The script cherry-picks a few fields to include in the output file. These fields come from the schema described here https://omim.org/help/api, specifically the "Entry Data" section.
e.g. python src/parse_omim.py --hgnc data/gene_symbol_thesaurus.txt --use --output data/use_omim_table.txt
gene_symbol_thesaurus.txt is a file which maps gene aliases to their corresponding HGNC symbol. Aliases will map to at most one HGNC symbol; however, multiple aliases can map to the same HGNC symbol.
This can get complicated so the schema we've adopted is to have three columns which describe how the gene names are processed: genes, hgnc_synonyms, and hgnc_genes.
"genes" is a pipe-delimited field containing all the gene names listed in the OMIM database for a given entry.
"hgnc_synonyms" is another pipe-delimited field where the sub-fields contain the HGNC synonyms of the aliases listed in the "genes" field. If no synonym is present, the value will be NA.
And finally, "hgnc_genes" is a comma-delimited field containing all non-NA entries in the "hgnc_synonyms" field. This will probably be the column you will want to use.
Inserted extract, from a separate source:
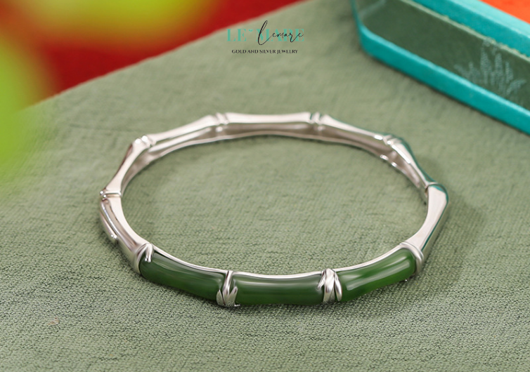 Lấy cảm hứng từ dáng trúc tự nhiên, sản phẩm sử dụng các đốt ngọc bích xanh biếc, được nắn khéo léo và nối liền bằng bạc S925 cao cấp. Kiểu dáng cứng cáp nhưng nhẹ nhàng, ôm tay vừa vặn, thích hợp với nhiều phong cách thời trang – từ thanh lịch công sở đến cá tính hàng ngày.
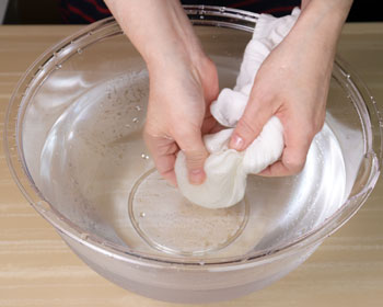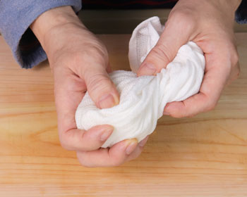Wrap the onions with the cloth and massage them.

genes | hgnc_synonyms | hgnc_genes |
---|---|---|
CMM|MLM|DNS | CMM|CDKN2A|CMM | CMM,CDKN2A |
SCAR4|SCASI | SCASI|SCASI | SCASI |
B3GALT6|SEMDJL1|EDSP2 | B3GALT6|NA|NA | B3GALT6 |
If the --use option is activated, then only entries with a gene AND associated phenotype AND where the gene can be matched to an HGNC-approved symbol will be included.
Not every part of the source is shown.